= Dallas Bar Association =

Professional lawyer association

The Dallas Bar Association or DBA is a professional organization providing resources for attorneys and the public in the city of Dallas, Texas. Founded in 1873, the DBA is a voluntary professional association of over 11,800 lawyers.

== History ==
The Dallas Bar Association (DBA) was founded by 40 lawyers in 1873, during an era that witnessed remarkable growth in the city of Dallas. As stated in its first charter - signed in 1916 by 100 members - the purpose of "the Bar Association of Dallas" was "for support of a literary undertaking and maintenance of a library."
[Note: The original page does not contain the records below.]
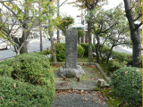 14)新島襄終焉の地:国道1号線に沿って緑地帯を進むと、左手、徒歩43分、道路北側
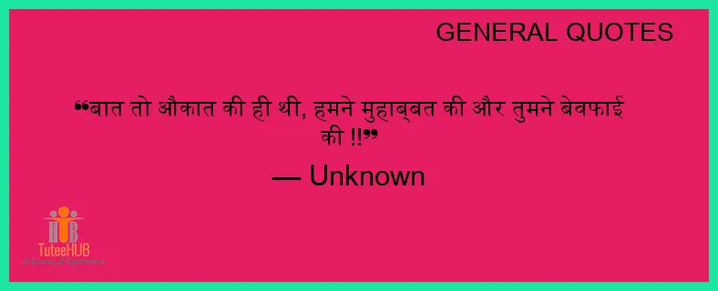 बात तो औकात की ही थी, हमने मुहाब्बत की और तुमने बेवफाई की !!
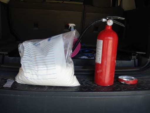 Upon closer inspection of the vehicle, agents noticed that the vehicle had an unusually large and heavy fire extinguisher in the back.
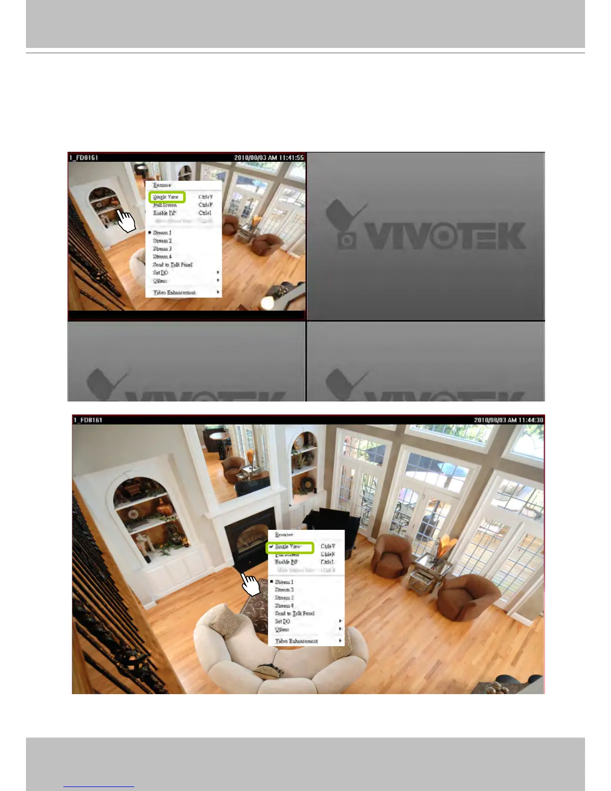 To restore to the original layout, double-click the video cell or right-click the video cell and uncheck
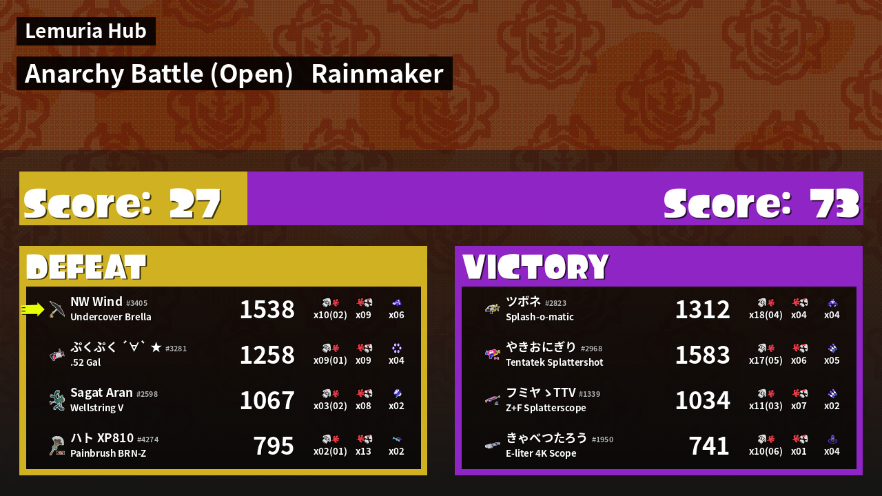 | Mode | Rainmaker - Anarchy Battle (Open) | ||
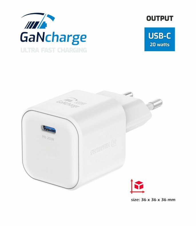 SWISSTEN SÍŤOVÝ ADAPTÉR GaN 1x USB-C 20W POWER DELIVERY BÍLÝ
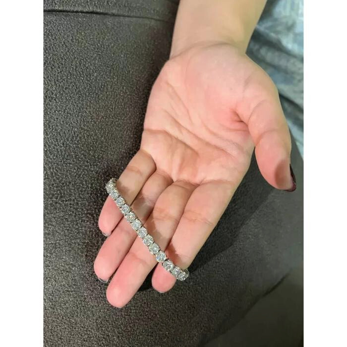 $ 136.4316Ct Oval Lab-Created Sapphire Diamond Women's Bracelet 14K White Gold Plated 7"
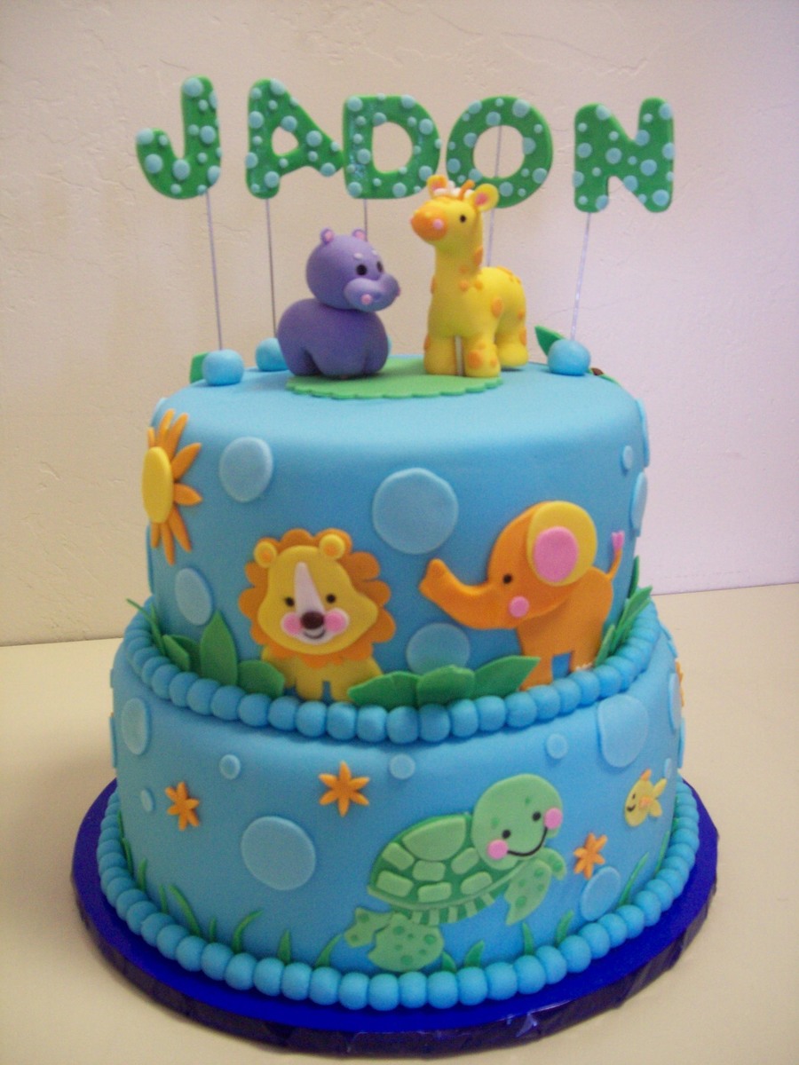 This is made from baby planet or planet babies I can't remember... Getting Too Old I guess lol. Any who, we made these cute animals from looking at toilet seats, bed sheets, and bibs. They do not sell 3 D animals although I can't for the life of me figure out why. I think people would buy these little critters up quick. Sorry got off the track.. My daughter is extremely talented and just created this whole cake. I am a very proud mama:)

The Dallas Bar Association has since been dedicated to the continuing education of its members as well as public service programs and the improvement of the administration of justice. For years, Association headquarters were housed in the offices of the then-current presidents. In 1937, headquarters were established in a small space under the stairs of the Old Red Courthouse.

Ten years later, the DBA was the state's first bar association to incorporate. Incorporators envisioned the Association someday being housed in its own building. In 1955, the DBA opened its offices, dining room, and meeting facilities on the lobby floor of the Adolphus Hotel. Membership jumped to nearly 1,500 lawyers by the end of the decade and the facilities were remodeled and expanded in 1965. In 1979, the 3,600-member Association moved into a restored home on Ross Avenue - the Arts District Mansion.

==Governance==
Past Presidents of the Dallas Bar Association can be viewed at https://www.dallasbar.org/?pg=past-presidents.

The current President of the DBA is Jonathan R. Childers. The last three Presidents were; Vicki Blanton (2025); Bill Mateja (2024); Cheryl Camin Murray (2023).